Task
Copy out every line of the material below, character for character, apart from the pictures.

Start of Study material

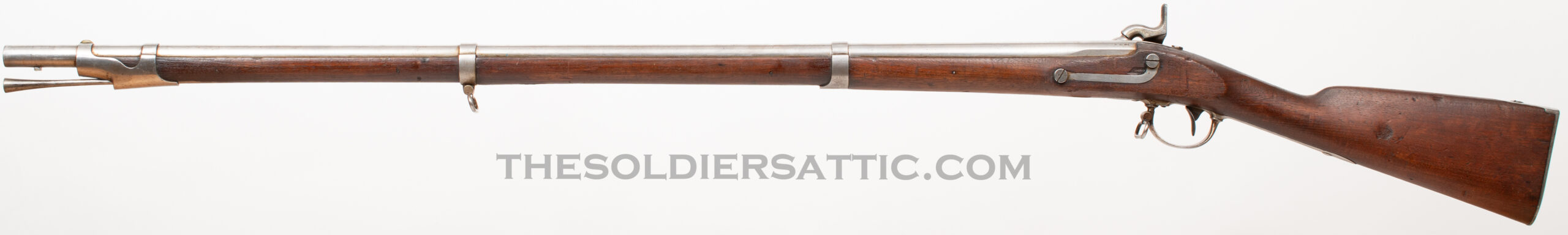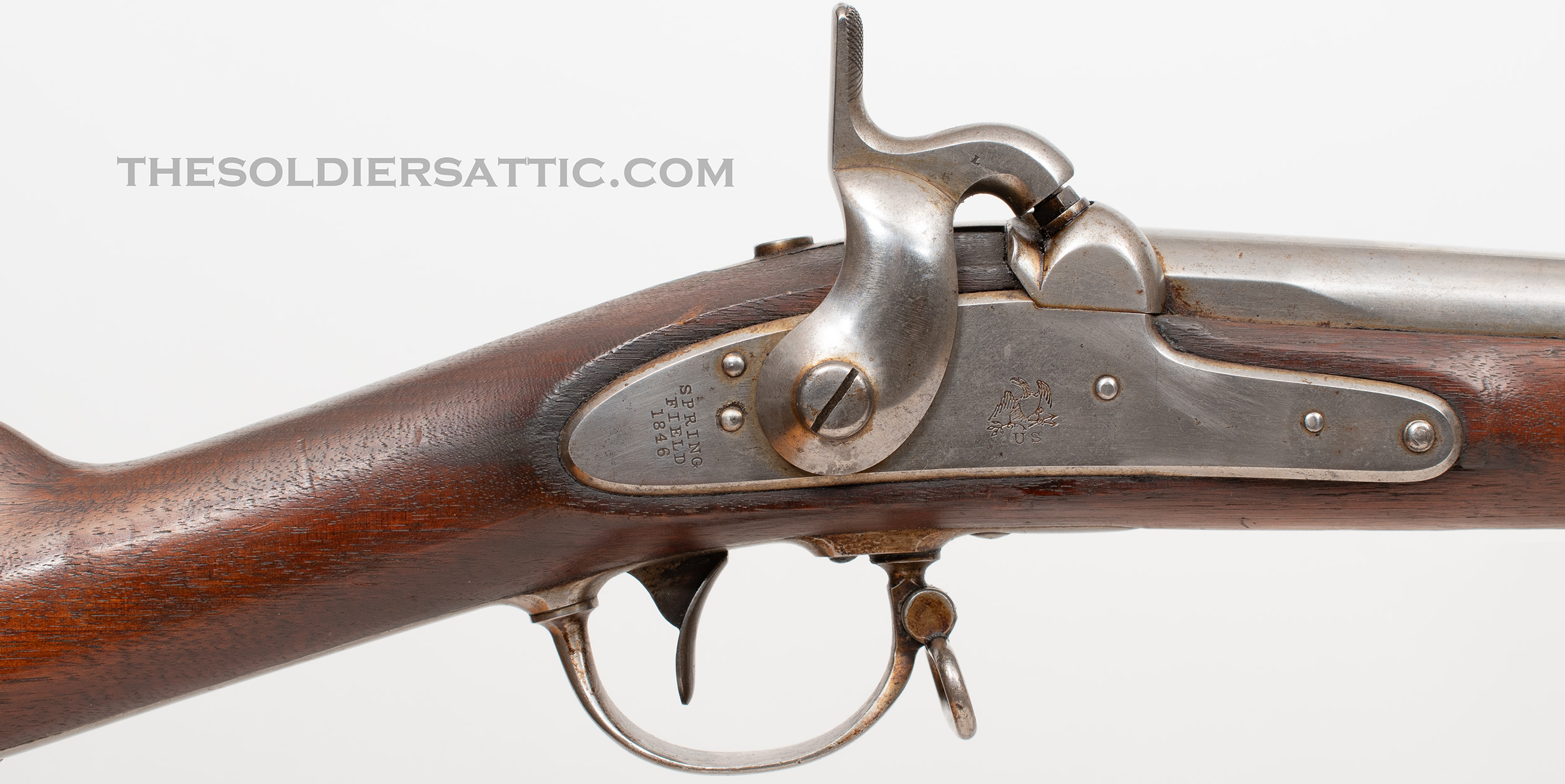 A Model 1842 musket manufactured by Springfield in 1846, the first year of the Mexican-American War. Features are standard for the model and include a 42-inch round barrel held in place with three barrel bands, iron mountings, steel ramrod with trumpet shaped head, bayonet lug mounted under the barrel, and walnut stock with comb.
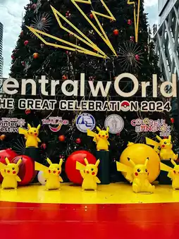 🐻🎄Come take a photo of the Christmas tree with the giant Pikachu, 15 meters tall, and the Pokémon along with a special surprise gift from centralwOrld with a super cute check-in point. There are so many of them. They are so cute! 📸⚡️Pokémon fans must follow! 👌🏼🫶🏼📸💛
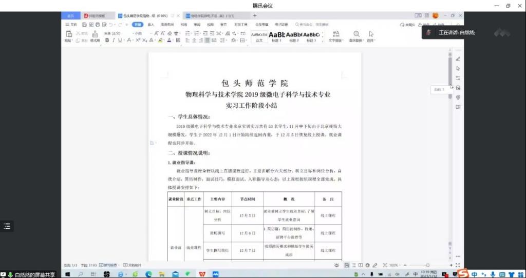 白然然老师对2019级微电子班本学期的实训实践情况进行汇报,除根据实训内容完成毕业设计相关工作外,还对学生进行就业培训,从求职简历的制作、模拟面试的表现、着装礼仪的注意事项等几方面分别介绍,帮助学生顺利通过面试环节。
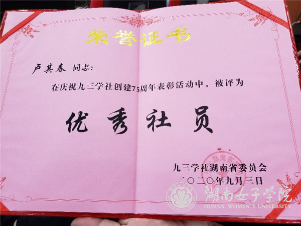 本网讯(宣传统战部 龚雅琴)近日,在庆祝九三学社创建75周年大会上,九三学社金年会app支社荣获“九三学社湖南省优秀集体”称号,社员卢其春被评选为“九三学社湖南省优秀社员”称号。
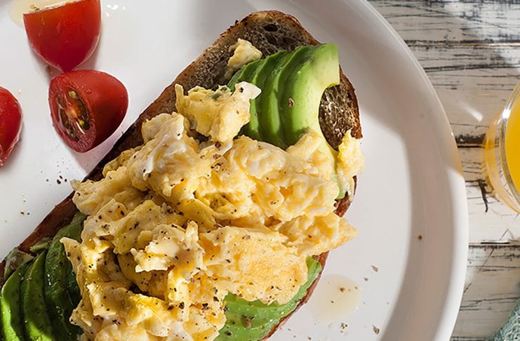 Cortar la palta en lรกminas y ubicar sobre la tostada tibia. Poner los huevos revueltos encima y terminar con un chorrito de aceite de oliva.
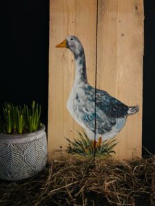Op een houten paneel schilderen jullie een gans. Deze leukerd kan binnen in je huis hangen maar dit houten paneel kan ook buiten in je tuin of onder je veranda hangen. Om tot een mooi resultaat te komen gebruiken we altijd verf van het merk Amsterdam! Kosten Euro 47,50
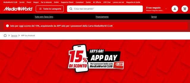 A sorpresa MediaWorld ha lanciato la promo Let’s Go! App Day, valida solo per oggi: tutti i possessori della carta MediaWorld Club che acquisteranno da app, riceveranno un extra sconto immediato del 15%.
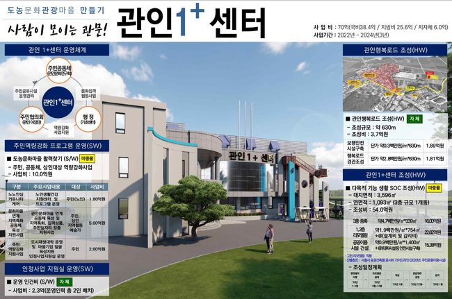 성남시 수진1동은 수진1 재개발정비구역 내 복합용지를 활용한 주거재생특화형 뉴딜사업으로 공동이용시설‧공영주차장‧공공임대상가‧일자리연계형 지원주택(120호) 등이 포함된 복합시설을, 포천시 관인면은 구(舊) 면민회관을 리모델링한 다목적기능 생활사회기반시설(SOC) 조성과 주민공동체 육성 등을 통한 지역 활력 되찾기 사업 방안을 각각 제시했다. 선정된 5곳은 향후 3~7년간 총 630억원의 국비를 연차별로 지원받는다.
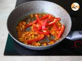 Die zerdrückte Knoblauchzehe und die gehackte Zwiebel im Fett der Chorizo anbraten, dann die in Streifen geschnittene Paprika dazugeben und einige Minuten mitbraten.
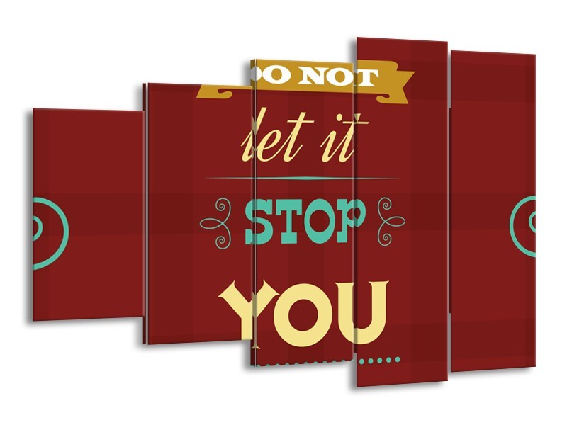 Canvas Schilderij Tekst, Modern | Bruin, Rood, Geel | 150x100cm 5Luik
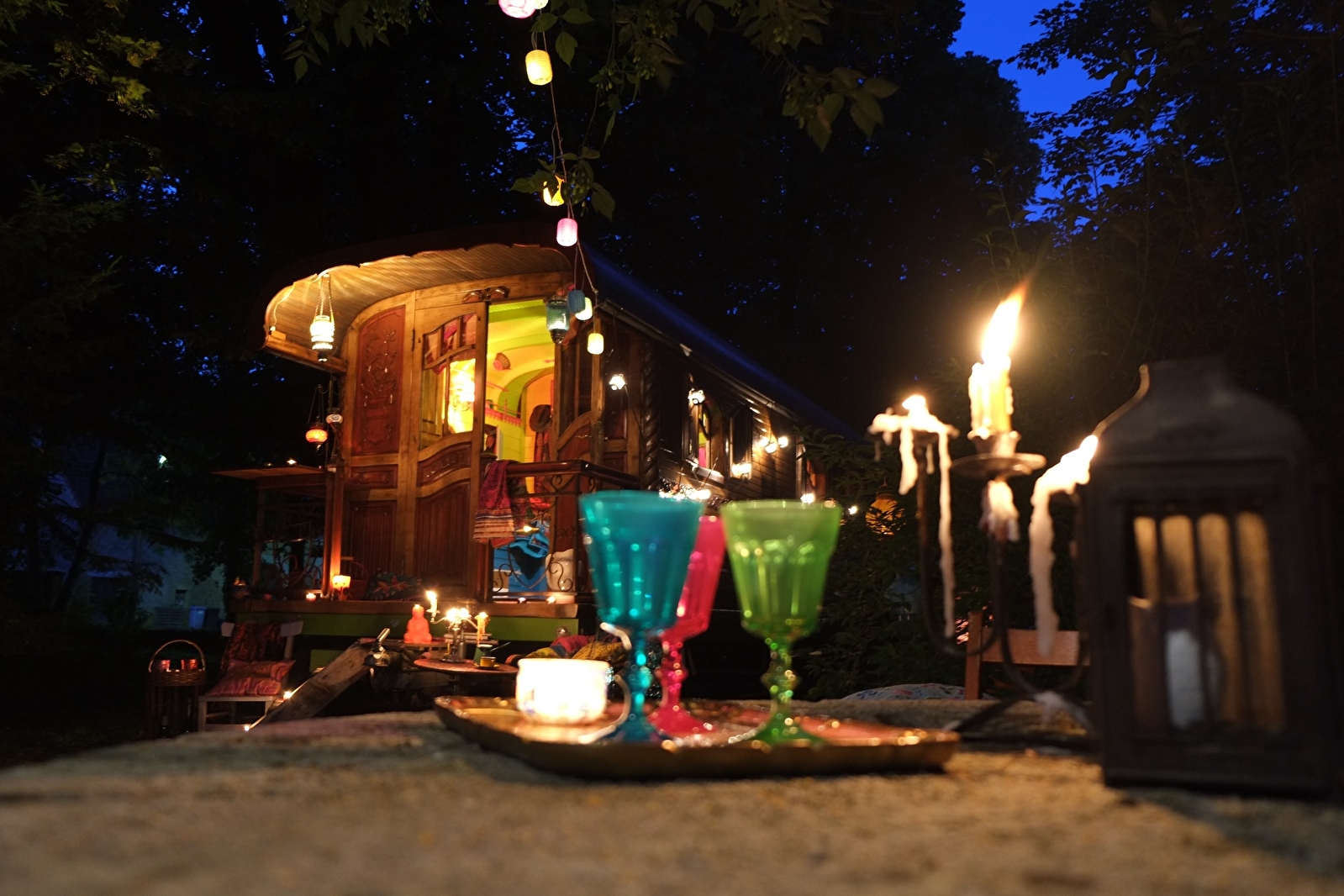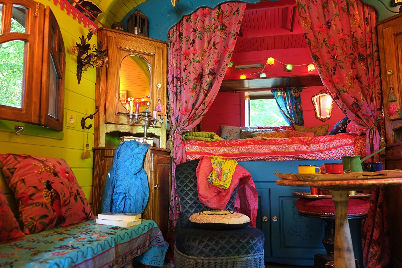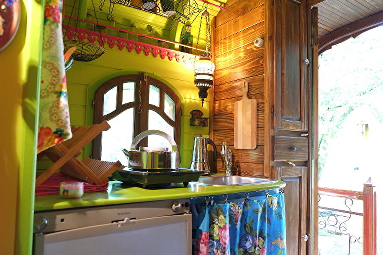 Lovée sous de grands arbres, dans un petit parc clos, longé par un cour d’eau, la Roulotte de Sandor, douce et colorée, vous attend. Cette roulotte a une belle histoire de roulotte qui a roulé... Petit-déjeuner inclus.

End of Study material

Response box
 A Model 1842 musket manufactured by Springfield in 1846, the first year of the Mexican-American War. Features are standard for the model and include a 42-inch round barrel held in place with three barrel bands, iron mountings, steel ramrod with trumpet shaped head, bayonet lug mounted under the barrel, and walnut stock with comb.
 🐻🎄Come take a photo of the Christmas tree with the giant Pikachu, 15 meters tall, and the Pokémon along with a special surprise gift from centralwOrld with a super cute check-in point. There are so many of them. They are so cute! 📸⚡️Pokémon fans must follow! 👌🏼🫶🏼📸💛
 白然然老师对2019级微电子班本学期的实训实践情况进行汇报,除根据实训内容完成毕业设计相关工作外,还对学生进行就业培训,从求职简历的制作、模拟面试的表现、着装礼仪的注意事项等几方面分别介绍,帮助学生顺利通过面试环节。
 本网讯(宣传统战部 龚雅琴)近日,在庆祝九三学社创建75周年大会上,九三学社金年会app支社荣获“九三学社湖南省优秀集体”称号,社员卢其春被评选为“九三学社湖南省优秀社员”称号。
 Cortar la palta en lรกminas y ubicar sobre la tostada tibia. Poner los huevos revueltos encima y terminar con un chorrito de aceite de oliva.
Op een houten paneel schilderen jullie een gans. Deze leukerd kan binnen in je huis hangen maar dit houten paneel kan ook buiten in je tuin of onder je veranda hangen. Om tot een mooi resultaat te komen gebruiken we altijd verf van het merk Amsterdam! Kosten Euro 47,50
 A sorpresa MediaWorld ha lanciato la promo Let’s Go! App Day, valida solo per oggi: tutti i possessori della carta MediaWorld Club che acquisteranno da app, riceveranno un extra sconto immediato del 15%.
 성남시 수진1동은 수진1 재개발정비구역 내 복합용지를 활용한 주거재생특화형 뉴딜사업으로 공동이용시설‧공영주차장‧공공임대상가‧일자리연계형 지원주택(120호) 등이 포함된 복합시설을, 포천시 관인면은 구(舊) 면민회관을 리모델링한 다목적기능 생활사회기반시설(SOC) 조성과 주민공동체 육성 등을 통한 지역 활력 되찾기 사업 방안을 각각 제시했다. 선정된 5곳은 향후 3~7년간 총 630억원의 국비를 연차별로 지원받는다.
 Die zerdrückte Knoblauchzehe und die gehackte Zwiebel im Fett der Chorizo anbraten, dann die in Streifen geschnittene Paprika dazugeben und einige Minuten mitbraten.
 Canvas Schilderij Tekst, Modern | Bruin, Rood, Geel | 150x100cm 5Luik
 Lovée sous de grands arbres, dans un petit parc clos, longé par un cour d’eau, la Roulotte de Sandor, douce et colorée, vous attend. Cette roulotte a une belle histoire de roulotte qui a roulé... Petit-déjeuner inclus.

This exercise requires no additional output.